If you’re teaching younger children, the way to use these posts is just to treat your bird guide as a picture book and spend a few minutes each week looking at all the interesting birds they may see one day. With that, your little lesson is done.
If you have older students, one of your objectives should be to help them become fluent with a specialized reference book that’s packed with information, the kind of book they will encounter in many different fields of study. Here again is how your bird guide introduces this week’s birds:
GULLS · TERNS · SKIMMERS — Family Laridae. A large, diverse family with strong wings and powerful flight. Some species are largely pelagic; others frequent coastal waters or inland lakes and wetlands. Gulls take from a little over a year to over three years or more to reach adult plumage; immatures are often variable and hard to identify. In general, male gulls are larger than females. Species: 97 World, 50 N.A. [North America]
Pick a representative species or two to look at in detail each week and read the entry aloud, or have your students study it and then narrate it back to you, explaining all the information it contains. This week, for the terns and skimmers, why not investigate the Common Tern (page 208).
All sorts of biological information is packed into the brief species descriptions in your bird guide — can your students tease it out? How big is the Common Tern? (14½ inches long with a 30-inch wingspan.) What is its scientific name? (Sterna hirundo.) Will you be able to find this species where you live? At what times of year and in what habitat? (Study the range map and range description carefully to answer those questions, and see the book’s back flap for a map key.) Do the males and females look alike?

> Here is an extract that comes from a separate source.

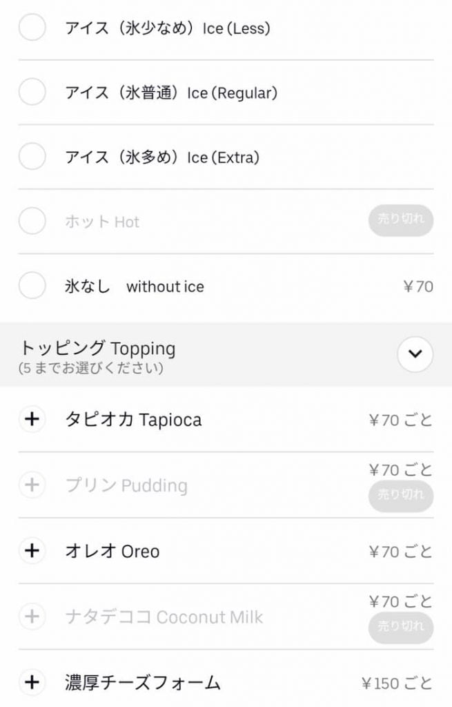 OWL TEAは商品の細かいカスタマイズが可能。甘さや、氷の量、タピオカの量、トッピングの種類など自分好みの配合を探そう。

The adults and juveniles? What song or call does this species make? How can you tell it apart from similar species? (The text and illustrations should answer all these questions.)
Terns are graceful and elegant water birds, a bit like small and delicate gulls. They are generally black and white overall, with some species mostly black (like the beautiful Black Tern above) and others mostly white (like the Common Tern). Some tern species are purely oceanic (like the Sooty Terns and Noddy Terns on page 206 in your bird guide), while others inhabit both saltwater and freshwater habitats. Like most gulls, most terns nest colonially in large numbers. The Arctic Tern (page 208) is one of the world’s greatest long-distance migrants, nesting as far north as Greenland and the Canadian arctic and then traveling all the way to the opposite hemisphere to “summer” in the waters around Antarctica.
The skimmers — the genus Rynchops, with only one species in North America, the Black Skimmer (page 212) — are some of the strangest looking birds you’ll ever see. They are saltwater birds, visually similar to gulls and terns, but they are unmistakable in having a lower mandible that is much longer than the upper mandible.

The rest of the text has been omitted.